A proper Libertarian will shoot me in the head if I turn up on their doorstep with a piece of paper saying I have purchased the right to perform surgery upon them.  

Without the IIA condition, the impossibility theorem falls apart.

It was nonsense to start off with. Social Choices are made on the basis of Tardean mimetics- us guys imitate what the smart countries in our neighbourhood are doing- and feature 'transferable utility'- i.e. paying off vested interest groups.  

The key takeaway here is that economists need to revisit some of their foundational theories.

No. The key takeaway is that 'foundational theories' which ignore Knightian Uncertainty are stupid shit.  

Indeed, much of modern welfare economics needs a fresh look and reevaluation.

No. Just concentrate on Budgeting. The Government should spend on stuff which boosts future Tax receipts otherwise there is a Fiscal Cliff or Ricardian fucking Equivalence and a massive crowding out effect.  

The mid-20th century, sometimes regarded as a golden age of economic theory,

Bretton Woods kept politicians on the straight and narrow. Guys who understood Public Finance were bureaucrats or businessmen, not fucking academics who were misapplying mathematics.  
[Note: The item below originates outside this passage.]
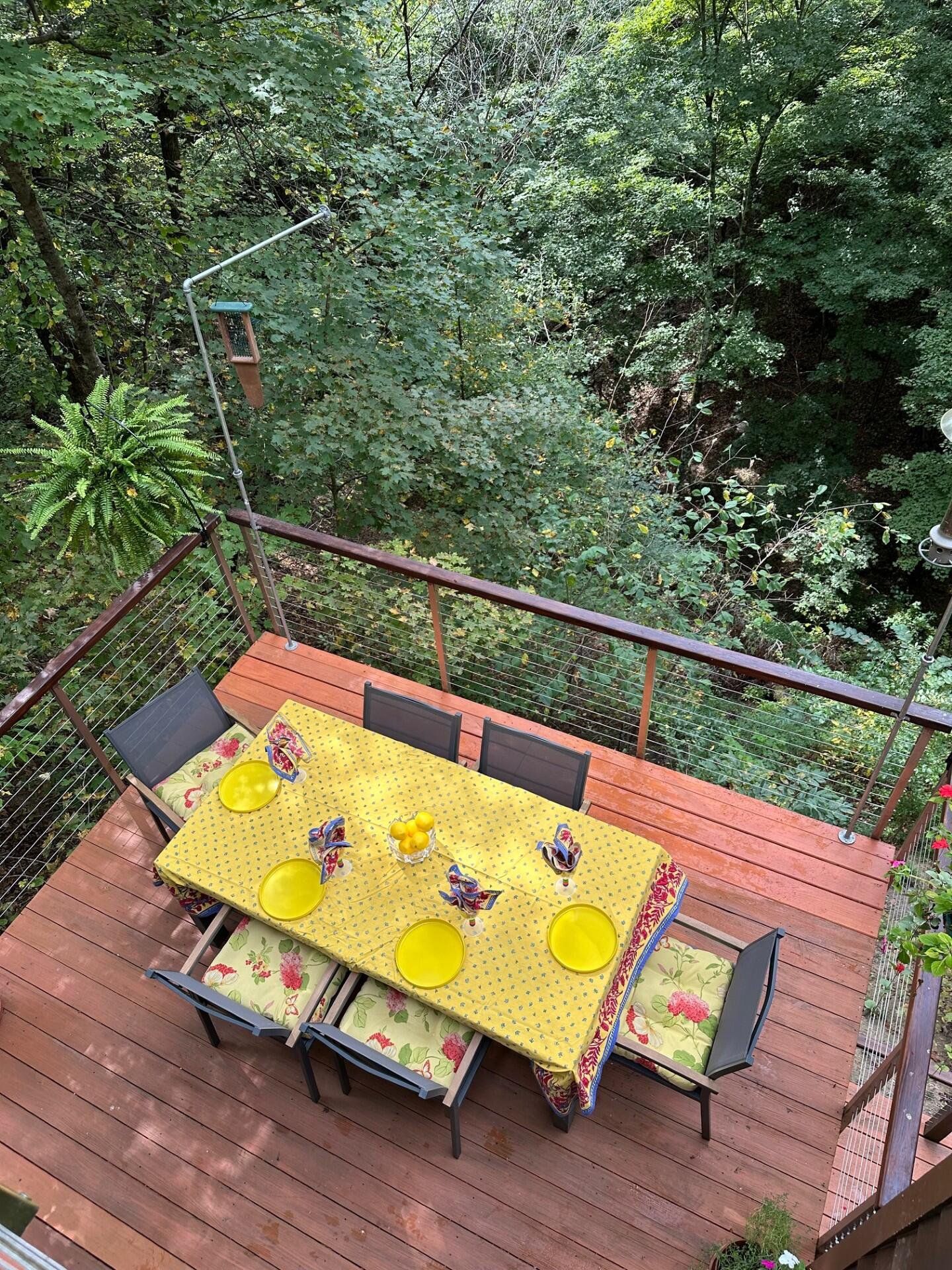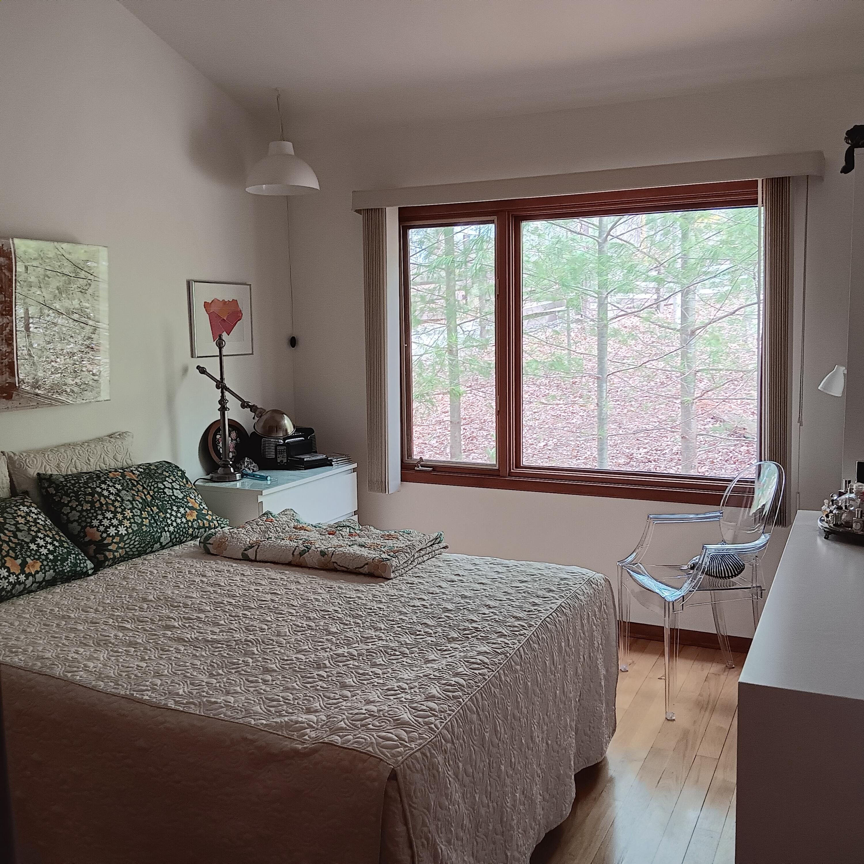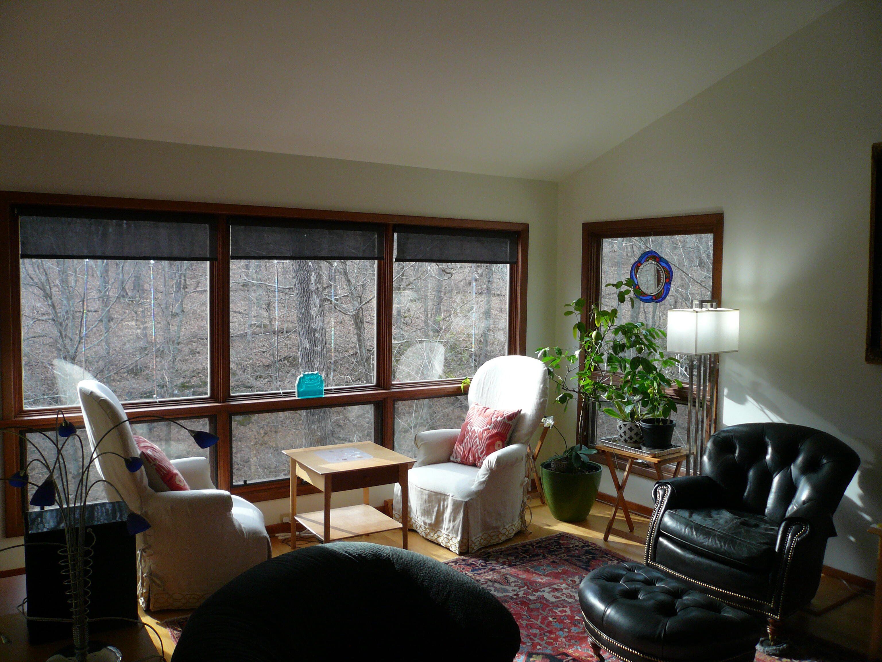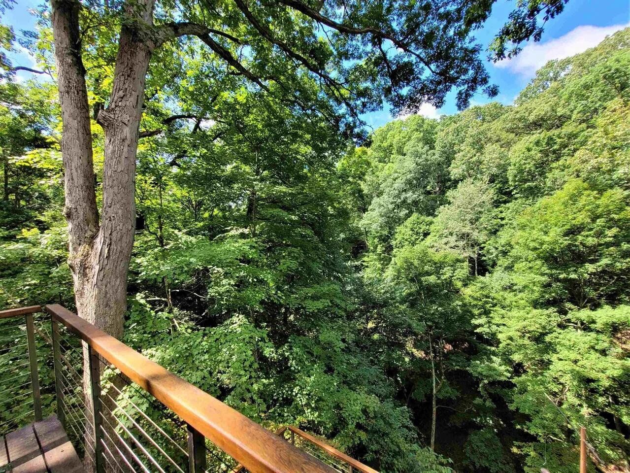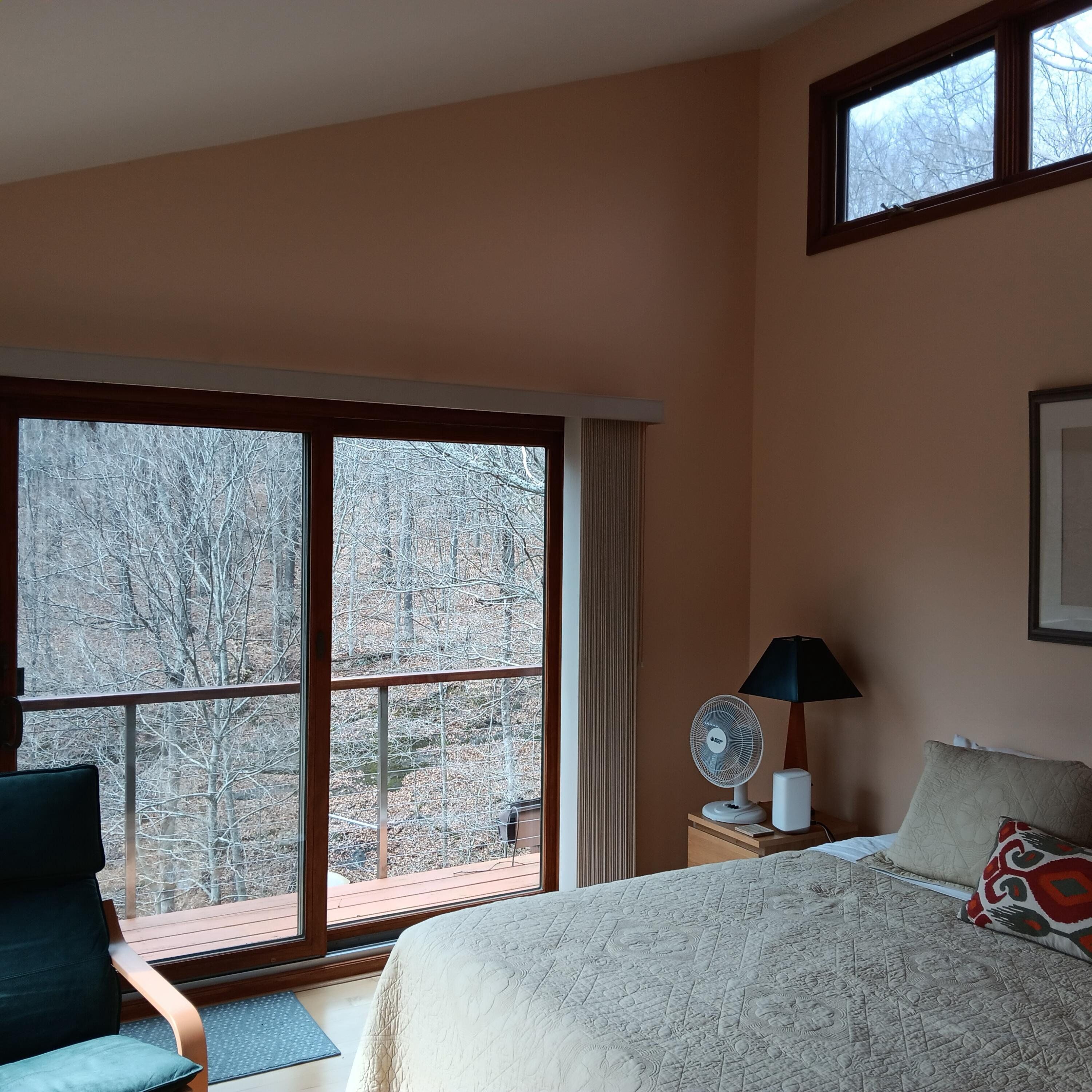 This jewel-like Mid-Century Modern on serene and scenic 1.32 acre wooded wonderland is both quiet and dramatic, yet only 7 or 8 minutes from campus, College Mall, or I.U Hospital. Only 3 miles to University Elementary, Tri-North Middle School, or Bloomington H.S. North. Huge windows look into the woods and ravine with stream below, decks on 3 levels to enjoy leisurely dining or drinks, sweeping vaulted ceilings. Designed by prominent architect Duane Odle, built by John Ingram, the home is rated highly energy efficient by Duke Energy, featuring tankless water heater, new ultra-high efficiency dual-fuel furnace and 19SEER heat pump, solar roof panels, Generac whole-house generator. All new high-end kitchen and laundry appliances. Hardwood flooring and tile throughout. Newer roof and a pylon foundation anchored to bedrock. Low Monroe County taxes. The inventory of unique and personal, architect-designed homes is small and prized--make it yours!

may well have been a breeding ground for economic errors. We need to rectify these, and a good starting point would be to revisit Arrow’s impossibility theorem

No. We need to do whatever it is the Chinese have done so as to get ahead of us in some utterly vital technological fields. Maybe Vivek Ramaswamy understands that sort of stuff. What is certain is that Arrow and Sen and Chichilnisky are wholly irrelevant.